Actually, on Qantas flights I have plunged from 30-40,000 feet on about 300 occasions!! And on all of those 300 flights we were forced to land!! The horror!!
 
Would a pilot consider the repercussions of diverting to a smaller airport that may not have servicing facilities? MQL was a lot closer than MEL. Would it have been considered? Or by going to MEL does it indicate that the aircraft did not need to land ASAP?
 
If you were the least bit antsy about flying I’m pretty sure the use of masks and dropping 15000 feet suddenly to be very distressing.
 
Would a pilot consider the repercussions of diverting to a smaller airport that may not have servicing facilities? MQL was a lot closer than MEL. Would it have been considered? Or by going to MEL does it indicate that the aircraft did not need to land ASAP?

There was no hurry to land at all. If fact, if they'd had the fuel to do so, they could have continued to their destination. The only real negative is that at 10,000', you're outside of controlled airspace. Possibly the only thing that surprises me is that the masks were deployed. I'd have thought you'd have a pretty good chance of beating the automatic deployment...so perhaps the plunge wasn't plungy enough.

This really is the media talking up a non event.
 
So how many have had to use the oxygen masks? I’ve not read one instance on AFF. Doesn’t that qualify it as something very unusual?
 
Again, journalism at its best.

Was reading about an aborted takeoff recently in Europe (can’t/don’t want to find the reference) The headlines were that 8 people injured in an aborted takeoff and .. first paragraph indicated flight attendants were screaming during the incident.

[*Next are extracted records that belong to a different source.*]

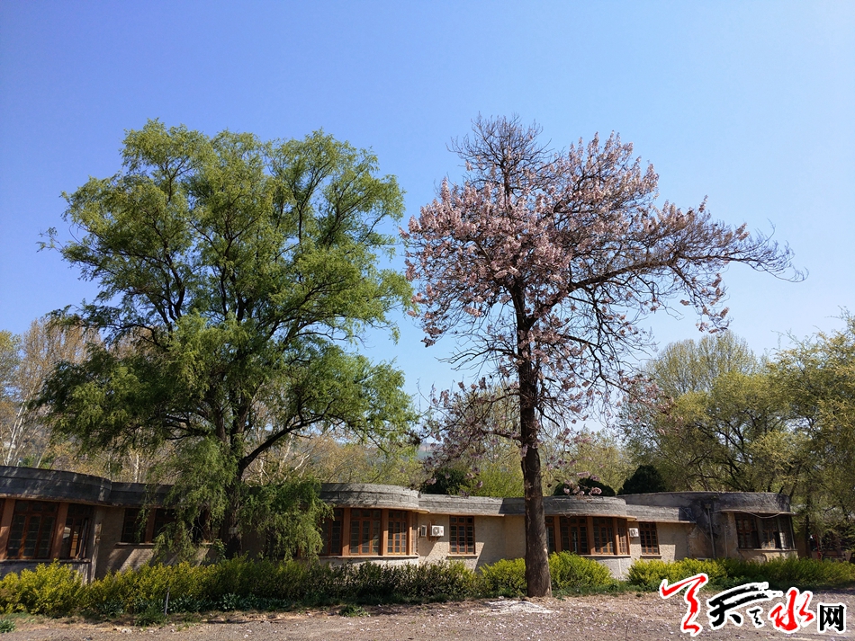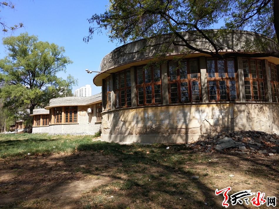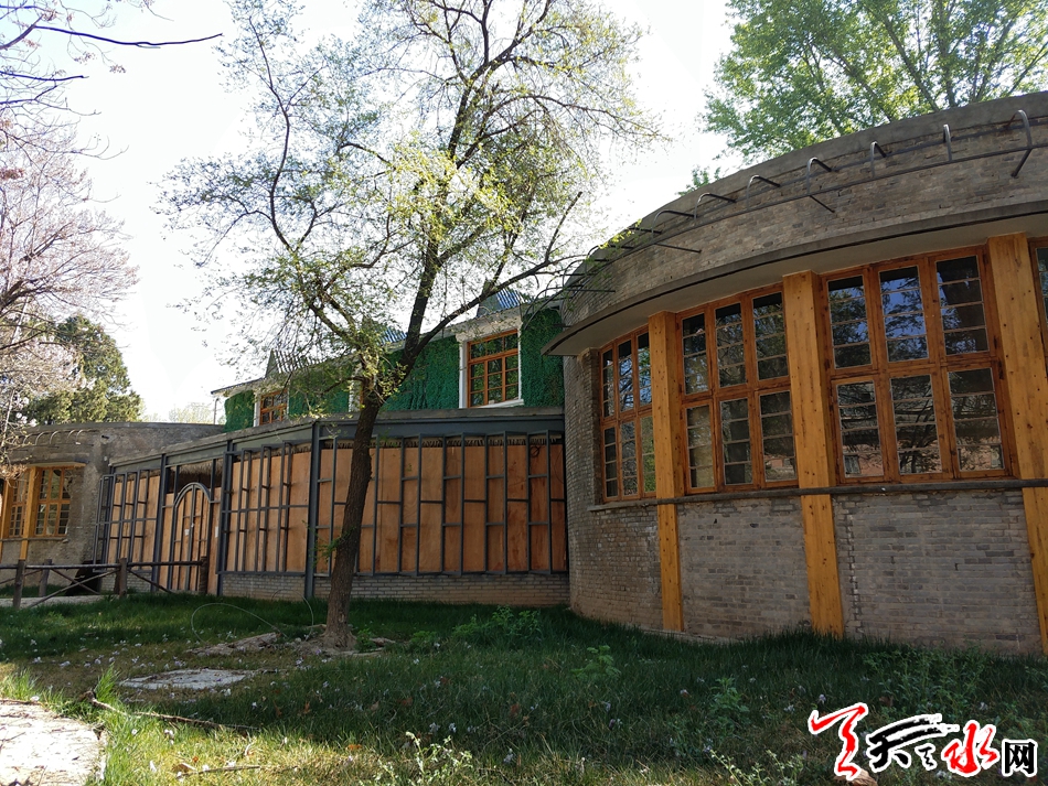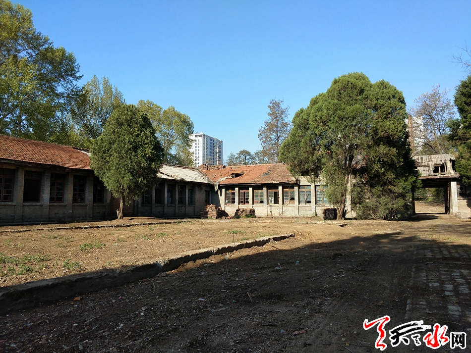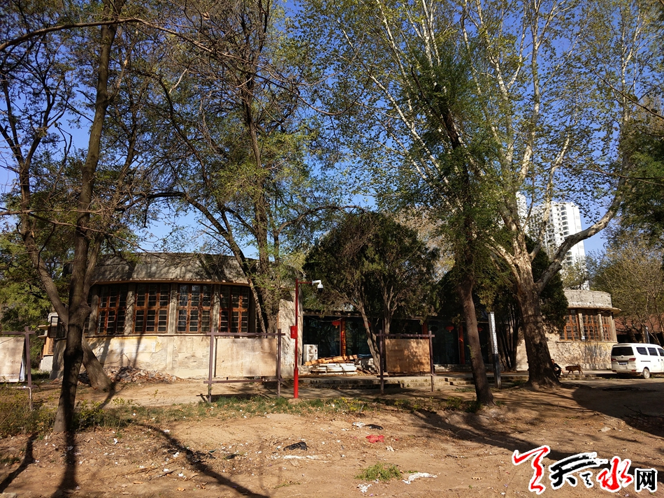 岷山厂是在“天水步校”原址上建起的,现在留有相当一部分“天水步校”的遗址。“天水步校”是对中国人民解放军第一高级步兵学校的俗称。创办于1951年2月,为军级单位。曾经为我军培养了几千名军事指挥人才,在我军军史上占有重要一席。苏式建筑“圆包房”分别是步校学堂,步校俱乐部和步校理化中心,经过60多年的风雨,这些建筑已经斑驳不堪,只有那些围绕在“圆包房”周围的高大树木,依然像尽职的士兵一样守护着曾经的辉煌。紧挨“圆包房”路北有两栋四面合围三进两院的建筑,这应该是步校学员的宿舍吧!走进幽静的院子,树木参天,绿草茵茵,恍若中那些朗朗的读书声和匆匆的身影浮现在眼前,岁月如驹,带走了曾经人与物的芳华,把记忆幻化成一地阳光,洒满岁岁年年枯荣的草地。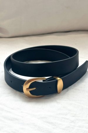 Newest obsession: dainty belt! The Milo Belt in Black/ Gold features a thin strap with a gold buckle and keeper. Winter accessories have never looked better!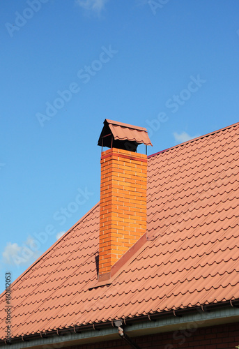 Red Metal Roof Tiles with brick chimney. Roofing Construction, roof repair.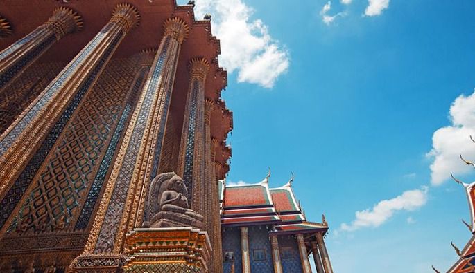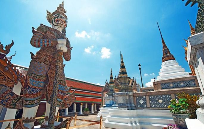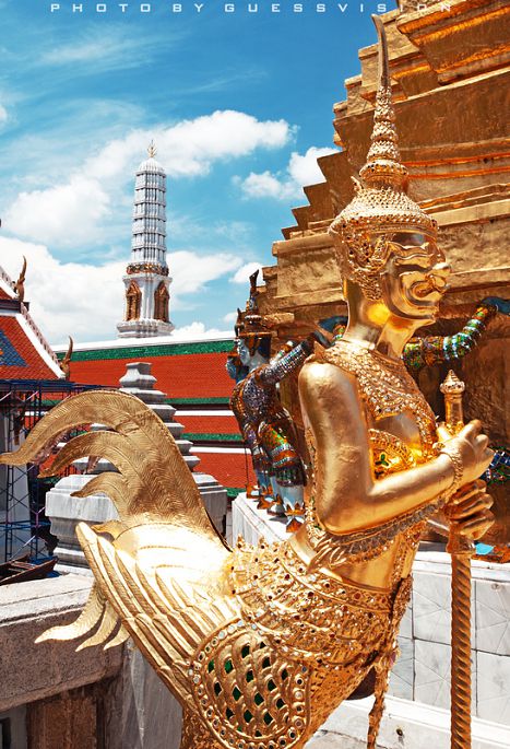 泰国玉佛寺位于曼谷大王宫的东北角,是泰国最 著名的佛寺,也是泰国三大国宝之一。是泰国王族供奉玉佛像和举行宗教仪式的场所,因寺内供奉着玉佛而得名。大皇宫和玉佛寺合称为曼谷的标志,是旅游泰国必 到之地。需要注意的是进入玉佛寺不能穿着暴露,穿短裤,无袖上衣,紧身裤都不能进入,但是却需要你脱掉鞋子,不过外面有卖纱巾的,价格也不贵,都会说中文100铸铸,哈哈,也就20块钱软妹币。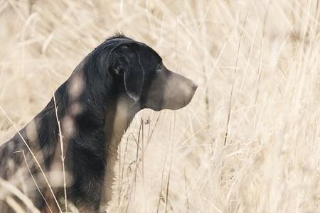 Hunting dog in tall grass. German Shorthaired Pointer.

Read further and 8 received minor injuries during slide evacuation (not during the aborted takeoff itself) and flight attendants were screaming instructions to evacuate once the call was made to evacuate the aircraft.
 
Was reading about an aborted takeoff recently in Europe (can’t/don’t want to find the reference) The headlines were that 8 people injured in an aborted takeoff and .. first paragraph indicated flight attendants were screaming during the incident.

Read further and 8 received minor injuries during slide evacuation (not during the aborted takeoff itself) and flight attendants were screaming instructions to evacuate once the call was made to evacuate the aircraft.

There is only one method for evacuating an aircraft, and that’s as fast as possible. You’ll possibly hear words from the flight attendants that you didn’t think they knew, especially if you try to take your luggage. From the Captain’s point of view...an evacuation will ALWAYS cause some injuries, and potentially even some serious ones, so it isn’t something to be lightly undertaken.

Oxygen masks...well, they’ll drop if the cabin altitude exceeds about 13-14,000 feet, or if manually activated. Some emergency descent checklists include the manual activation. If the packs are turned off at about FL250, the aircraft cabin will ‘bleed’ up to your cruising altitude. It shouldn’t be all that fast, but the number is indeterminate. Basically the aircraft are not air tight...they pressurise because you pump in more air than leaks out. Once the packs stop, the leaks win. I’d expect a climb rate of no more that 1,000 feet per minute, but it’s not something I’ve ever tested. The idea in this sort of descent is to get down below 13,000’ before the masks automatically trip, and also not to activate them manually.
 
I disagree that it was a 'non event'.

Technically maybe, especially for those knowing at the time what was happening and what the repercussions would be ( minimal), but for Joe Punter in 32B, it would be concerning at a minimum and terrifying at the other end. We know at these times communication with the passengers is a very low priority so the angst was probably not over quickly.

Media reports what They are told. Not for them to discount passengers stories.

I like @Pushka s other thread about who amongst us have experienced an in flight emergency as a pax. Not me and if it happened I'd be coughping myself.